The cargo firm boss listed the exit of Aero Airlines from the domestic scene as one of the factors affecting its operations, saying that Aero was indebted to NAHCO. He said the firm might be constraint from pursuing any ambitious expansion plan in other countries in Africa in the meantime, because of the difficulties in securing operational licences.
Bielderman said the firm was not directly affected by the challenges in securing foreign exchange because some of its services are paid for in foreign currencies.
He said: ”We are enjoying slight advantages with the challenges others are grappling with as it affects access to foreign exchange. This is because some of our income is generated in dollars, but it is albeit, affecting us in the area of costs. This include payment for insurance premium, procurement of spares and operational equipment as well as expenditure on offshore training.
“We are pursuing drastically a cost cutting strategy by ensuring that some of our training programmes are now done locally.

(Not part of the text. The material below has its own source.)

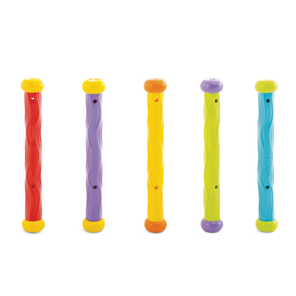 Tedd még izgalmasabbá a búvárkodást ezekkel a víz alatti játékpálcikákkal, amelyek vidám színeikkel és különleges viselkedésükkel azonnal lekötik a gyerekeket. A pálcikák a vízbe dobva lesüllyednek a medence aljára, ahol függőleges helyzetben megállnak, így könnyen észrevehetők és felvehetők. Puha, rugalmas anyaguk biztonságos játékot tesz lehetővé 6 éves kortól.

” The truth is that the economy is generally not doing very well. The recession is not going to isolate anyone. As you may have noticed, many airlines are pulling out of Nigeria. A lot more airlines are reducing the number of their flights into the country. Only recently, the Federal Government had to come out to beg departing foreign airlines to please come back.
This is not the best of times for the aviation sector in Nigeria.
“Even so, as an operator in this sector, we have no doubt that should there be a consolidation exercise in the sector today, NAHCO would be one of the very few companies that would scale through.’’
He said the firm is not losing business, but attracting more clients in the cargo handling value chain, where it is consolidating over 80 per cent of the market share.
He said NAHCO is doing well and not losing any business.
“Let us correct the impression being made out there. We can state without any fear of contradiction that we have gained more businesses. Despite the high volume of misinformation going round, the facts of the situation on the ground stand out that NAHCO now controls 80 per cent of the domestic market, a bigger share than ever before.
“The only local airlines that NAHCO does not handle are Arik and Medview. NAHCO handles every local airline, including Azman Air nationwide. We handle 90 per cent of international market and our market share is still growing.
“The only viable international airlines we do not handle are South African Airways (SAA) and Etihad. This year alone, we have won Meridiana Fly(Italian Airline),Mid-African Airlines, RwandAir, on Abuja – Kigali route; Mainstream Aviation, Cronos – Lagos. Also, all our airline standard ground handling contracts are perfect and in full force.